Hint: To find the tension at the bottom of the rope, analyze the forces on the bottom block. The tension is one of the forces acting on that block. Apply ΣF = ma.

 

[09jml90]

Would the second force be weight?, w=mg (w=(4.9kg)(9.8m/s^2)
and then possibly

T-48.02=(mass of M1 + Mrope)(11.76 m/s^2) ?

 

[Doc Al]

Would the second force be weight?, w=mg (w=(4.9kg)(9.8m/s^2)

Yes.
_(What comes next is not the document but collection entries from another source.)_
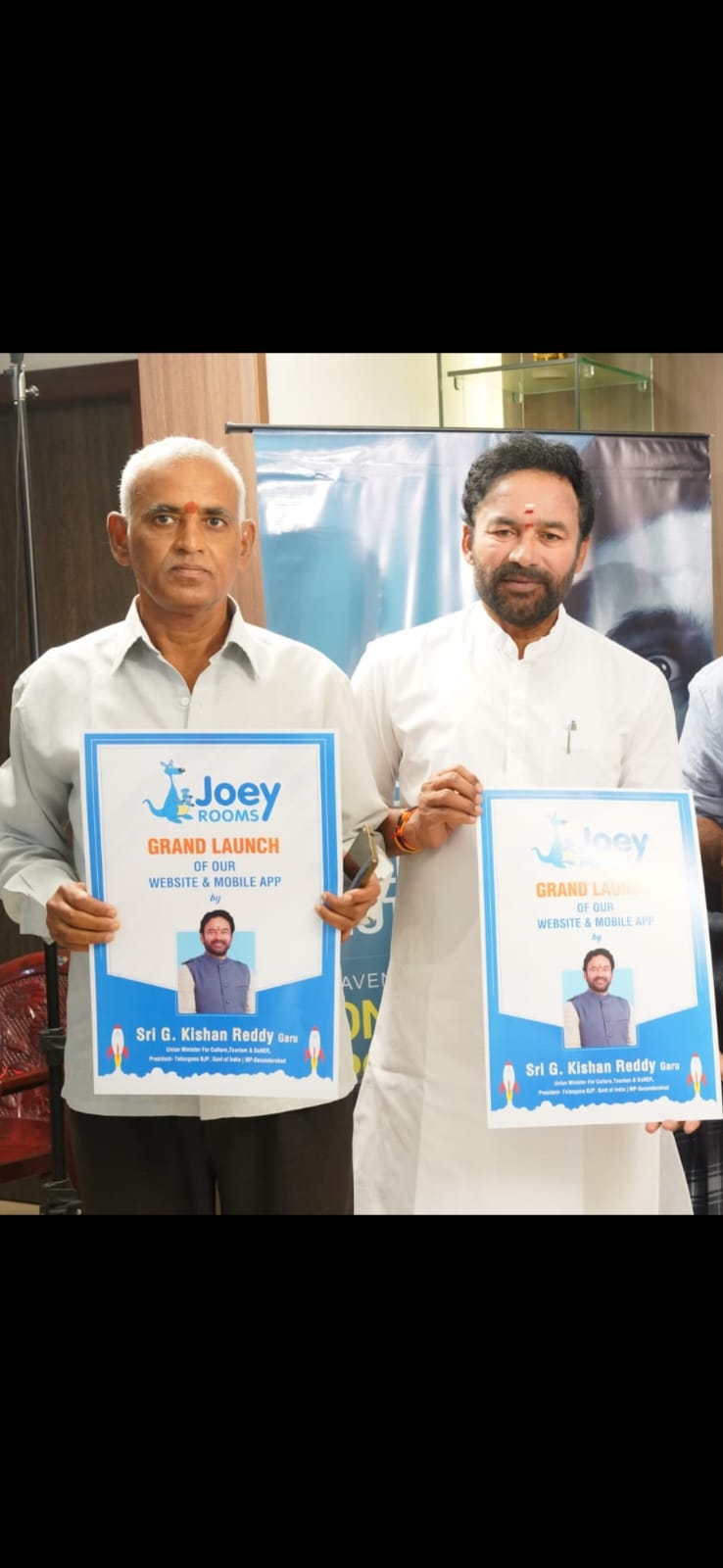 Amidst an ambiance brimming with entrepreneurial fervor, Central Tourism Minister G. Kishan Reddy unveiled the much-awaited website and mobile application of the promising startup, Joeyrooms. Highlighting the government’s steadfast support for young entrepreneurs, Minister Kishan Reddy underscored their pivotal role in propelling economic growth and fostering employment opportunities also he mentioned lack of online booking platforms in Tier-II and Piligrim places are challenge for Tourism and this initiative is one of the milestone towards Tourism development.
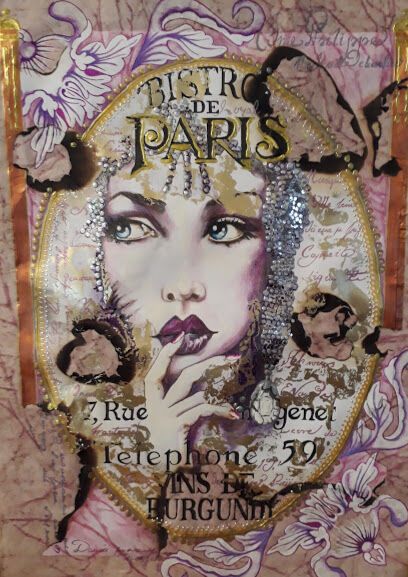 Bistro de Paris, mixed media on burned paper, 40X55 cms.
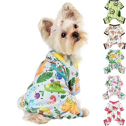 $21.99Dog Pajamas for Small Dog Girl Boy – Puppy Pjs Jammies 4 Leg Dog Clothes for Chihuahua Yorkie – Spring Summer Onesies Jumpsuit Clothing for Pet Dogs Male Female by Kosiyi (Small, Dinosaur)

There are two forces acting on the bottom block: the rope tension pulling up and the weight pulling down.

and then possibly

T-48.02=(mass of M1 + Mrope)(11.76 m/s^2) ?

The left side of the equation is fine, but the right side has two problems:
(1) Since you're analyzing forces on the bottom block, the mass needed is just the mass of the bottom block.
(2) The acceleration of the system is not 11.76 m/s^2. You found the acceleration in post #1. Use it.

 

[09jml90]

I found the tension of the bottom of the rope to be 57.6 N, and I'm working on the top part.

 

[Doc Al]

I found the tension of the bottom of the rope to be 57.6 N, and I'm working on the top part.

Good.

 

[09jml90]

Do I assume the mass of the rope to be included with the mass of the first block? to give the force going up as (9.4kg + 1.42kg)(1.95 m/s^2) = 21.1 N

 

[09jml90]

What kind of martial arts do you train in/interested in?

 

[Doc Al]

Do I assume the mass of the rope to be included with the mass of the first block?

Not if you want to find the tension at the top of the rope. That end of the rope must be at the edge of your system. You can either: analyze forces on the top block or analyze forces on the 'rope + bottom block'.

 

[09jml90]

So, block 1 has a force going up which is 184.9 N. The force going down is weight. Is weight here just the weight of block 1 or the rest of the system of the rope and block 2.

If so, the weight of the rope and block 2 has a force of 61.936 N. And the block going up has a force of 184.9 N. So added together the magnitude of the force is 246.84 N?

 

[09jml90]

Never-mind that is wrong too.

 

[09jml90]

If you are allowed to offer me any more hints, here is what I've come to until I'm stuck.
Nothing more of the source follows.